Clarke was the son of Sir Humphrey Clarke, 5th Baronet and was educated at Eton, Christ Church, Oxford, La Sorbonne, and New York University. He founded The Baronets' Journal in 1987 and from 1993 to 1996 he was chairman of the Standing Council of the Baronetage
Bankers Trust Co. He was associate director of Swiss Bank Corp. in 1992–94, underwriting member, Lloyds from 1984 to 2001, and lord of the Manor of Bibury.

Through his grandmother, Elfrida Roosevelt (Lady Clarke, wife of Sir Orme Bigland Clarke, Bt, CBE), he was related to U.S. President Theodore Roosevelt. President Roosevelt was his first cousin, three times removed. He was also the second cousin, three times removed to President Franklin D. Roosevelt.

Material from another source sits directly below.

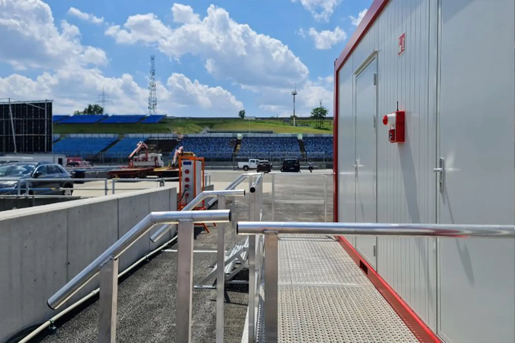 Working in partnership with Hungarian specialist High Security Kft, Ramtech deployed its WES3 wireless fire and evacuation system across four container groups within the paddock area. WES3 is certified to EN54-25, the European standard governing radio-based fire alarm components. This certification provides third-party assurance of performance, signal integrity and reliability, which is critical for temporary fire alarm systems used in high-profile environments.

He was married to Charlotte Walter and then Teresa Loraine Aphrodite de Chair (daughter of Somerset de Chair) (divorced). He has three children (by his second marriage): Theodora Roosevelt Clarke, Augusta Elfrida Clarke, and Olympic athlete Lawrence Somerset Clarke.

He was a Vice-President of the Standing Council of the Baronetage.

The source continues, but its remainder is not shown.